A penetrometer is as good a device as any. Its transportable, it’s robust and relatively cheap. It must be noted that penetration resistance is moisture dependant – the more moisture in the soil the more lubrication for the tip to pass through the soil – so care must be taken when operating and interpreting the results.  By operating the penetrometer in the field under a few of the tyre combinations mentioned before, we can determine how good it is at detecting possible compaction.

In the field, a pea viner equipped with 700mm wide tyres and standard recommended inflation pressure (32psi) showed a huge increase in the penetration resistance caused by the machine passing over the soil. In addition, the large increase extended beyond the maximum recorded depth of 500mm, and at this depth, it is becoming uneconomical to remove.

For conventional tractor tyres, it becomes evident that increasing the inflation pressure increases the depth to which the compaction is evident.

Although in this instance, by adding duals, there was no major change in penetration resistance. This is because the tyres are already operating at the lower end of the inflation pressure spectrum at 1 bar / 14psi, and carcase stiffness becomes a major component.

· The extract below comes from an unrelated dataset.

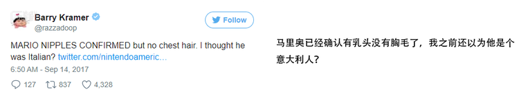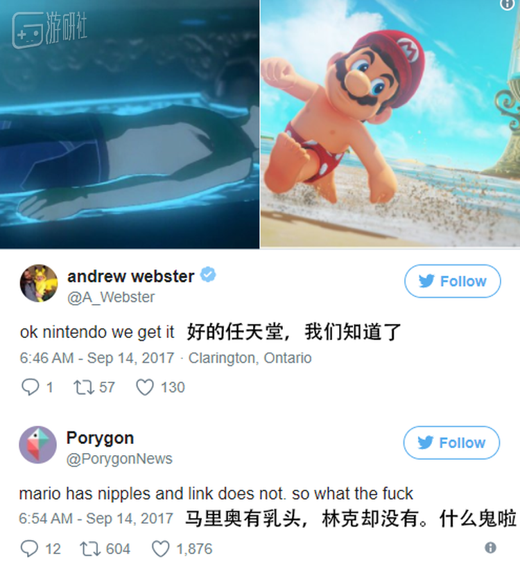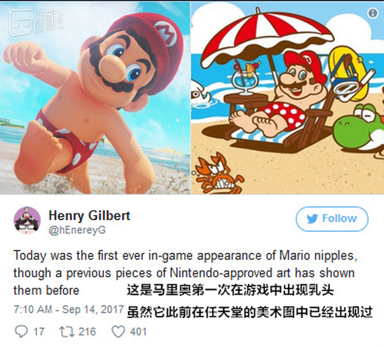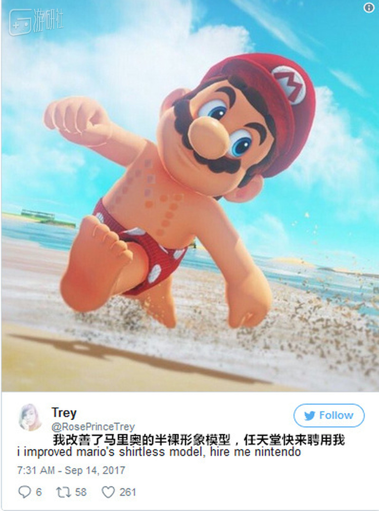 在这段视频中,有一段马里奥穿泳裤,半裸上身的造型,引发了很多国外网友的讨论。不过显然他们关注的重点不是游戏本身,而是集中在了马里奥上身的“两点”上:

The rule of thumb is that inflation pressure has the greatest influence on the degree or severity of compaction, while the load influences the depth to which that compaction extends.
On top of this there are repetitive loading situations.
Research shows that over 75% of the total compaction is done in the first pass.

So in answer to the question – should we be driving in the same wheel marks or next to the previous wheel marks?

The answer should now be quite obvious….
Stick to one set of wheel marks, and then the problem is relatively localised. Subsoiling one set of wheel marks 3 times in order to obtain the correct depth is easier and cheaper than subsoiling the whole paddock!
It now becomes evident that one of the major factors we can alter is field going traffic and it is here that I think we need to concentrate. The ultimate, is of course Controlled traffic farming, but maybe a full CT system is untenable, for reasons of machine configuration, or other factors?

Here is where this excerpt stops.